The Riot Club

A bunch of Oxford University toffs (including Max Irons, Sam Claflin and Douglas Booth) indulge their every whim as members of an elite club

A bunch of Oxford University toffs (including Max Irons, Sam Claflin and Douglas Booth) indulge their every whim as members of an elite club.

Adapting her hit 2010 play, Posh, for the screen, Laura Wade takes a hit-and-miss satirical swipe at the excesses of the Riot Club (inspired by the real-life Bullingdon Club).

The fact that we are both repelled and seduced by the members’ floppy-haired antics works in the story’s favour, creating dramatic tension that would be missing were this simply class-envy agitprop.

Wade and director Lone Scherfig have opened up the play, allowing for scenes of rich types swanking around Oxford’s dreaming spires in an Aston Martin convertible and providing a love interest for the film’s moderately sympathetic protagonist (Irons) in the form of Holliday Grainger’s working-class, comprehensive-educated student.

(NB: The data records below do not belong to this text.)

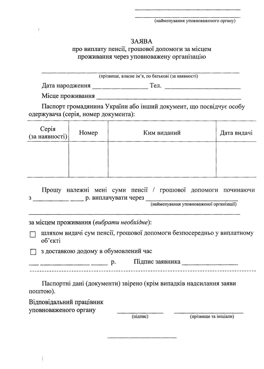Додаток 1. Шаблон заяви про виплату пенсії грошової допомоги за місце проживання через уповноважену організацію.
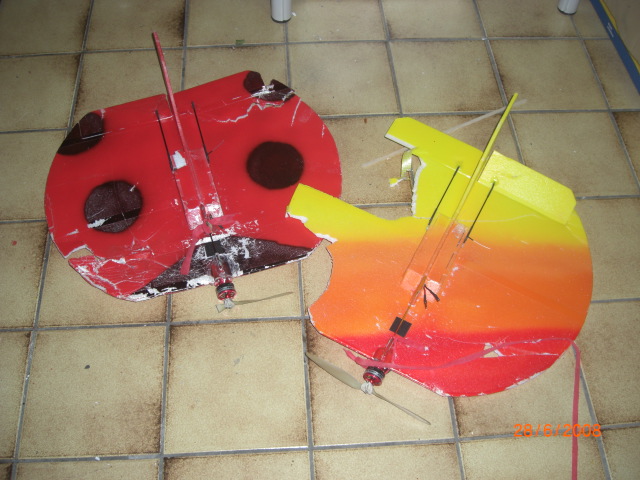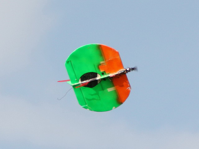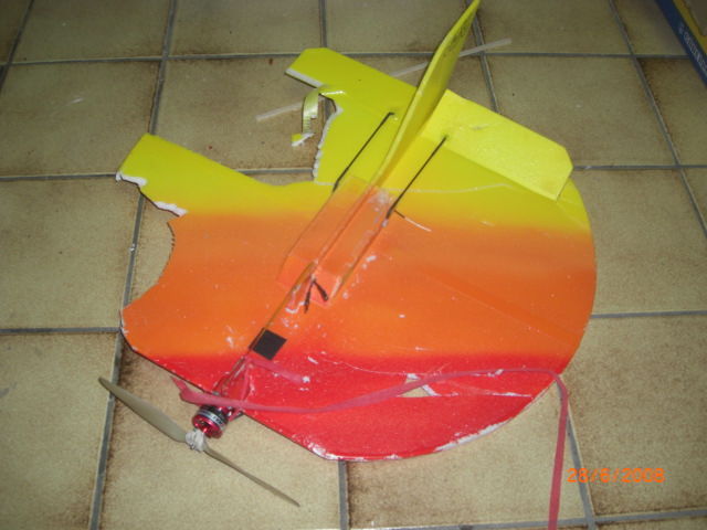 Mal was anderes ... Die Scheibe mit Verbrennungsmotor war schon vor Jahren mein Liebling und hatte einen besonderen Spaßfaktor ... vor allem, wenn man mit mehreren zusammen in der Luft unterwegs war ... Fuchsjagt lässt grüssen !!... ein Erinnerungsstück aus alten Zeiten hängt noch im Bastelkeller an der Wand ! Hier nun eine E-Version, welche im Nutzverhältnis ( Spaß / (Kosten*Bauzeit) ) sicherlich unschlagbar sein dürfte. - unter 5€ Materialkosten (ohne RC/Motor) - Bauzeit bis 1.Flug nur ca. 2,5 Stunden - günstigste RC-Komponenten ausreichend - Motor + Regler + Lipo für zusammen unter 25€ ... siehe weiter unten - 100% Spass Was brauchts: Material: 6mm Depron (60x55cm) 500mm Kohlestab (2mm) 100mm Buchen-Rundholz (ca. 10mm) 10cm Schrumpfschlauch (3mm) Tesafilm (oder schmales Tape) Kleber (5Minuten-Epoxi oder LT-Heiskleber) --> empfehle die Niedertemperatur-Klebepistole LT110 von UHU Sekundenkleber Werkzeug: Schleifpapier Klingenmesser ebene Platte in der Grösse des Fliegers .... oder Küchentisch RC/Motor: BL-Motor (30 - 40gr.-Klasse) Regler (ca.10 bis 12A) 2xServo (9gr) Lipo (600-1000mAh / 2-3S) Empfänger (Grösse ca. REX-4 / Corona-4S) Prop 8x4 bis 9x6 ... je nach Motor !
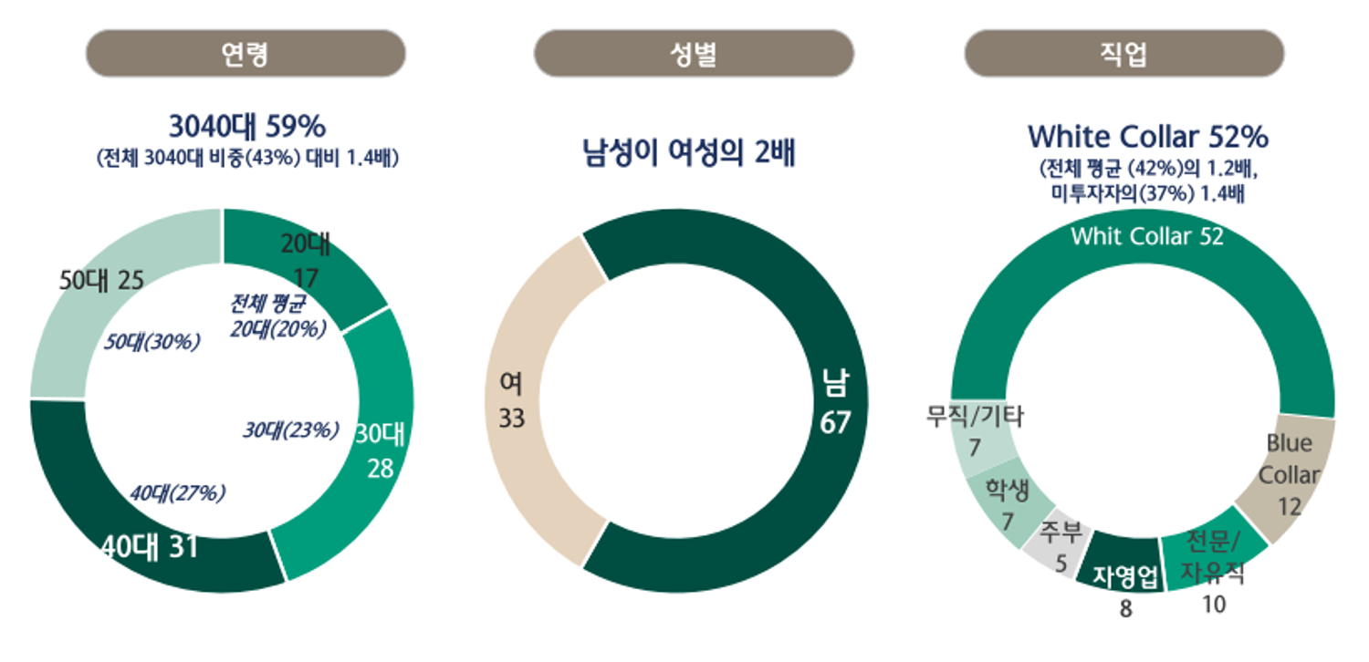 Инвестиционные модели также созревают. Доля инвесторов, регулярных покупок, выросла с 10% до 34%, а среднесрочная торговля увеличилась с 26% до 47%, в то время как краткосрочная торговля немного упала.
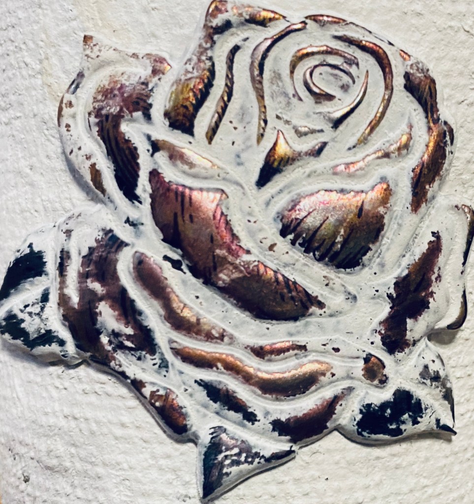 Then I took a damp towel and rubbed away the paint on the raised part of the roses…..and there was the metallic finish coming to life right before my eyes. To really enhance it I rubbed a bit of clear wax over it and Wow! As you can see in the photo above, my idea worked! I’m so happy!
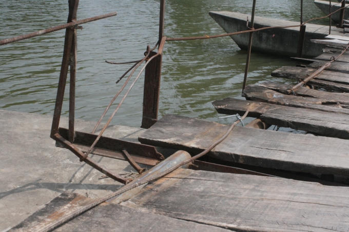 Cầu dài chừng 100m, rộng hơn 1m là những mảnh gỗ chắp ghép lại. Ở thời điểm hiện tại, có những mảnh đã có dấu hiệu xuống cấp, các đầu mối bằng sắt cũng nhìn rõ những mối hở… Trụ đỡ là những chiếc thuyền được làm bằng bê tông rêu đã bắt đầu phủ.

Irons’ pangs of conscience make a sharp contrast to the sneering hatred of his fellow club novice, Claflin’s venomous sociopath.

The pair’s rivalry comes to a head when the club hires a private dining room in a country gastro pub for its latest bash, planning to get drunk and smash up the place. But, as they flaunt their wealth and become increasingly out of hand, things turn very nasty…

The true horror, though, isn’t the violence committed by these arrogant young bucks, but the fact that their privileged backgrounds and connections insulate them from the consequences of their actions and ensure they remain on the fast track to power.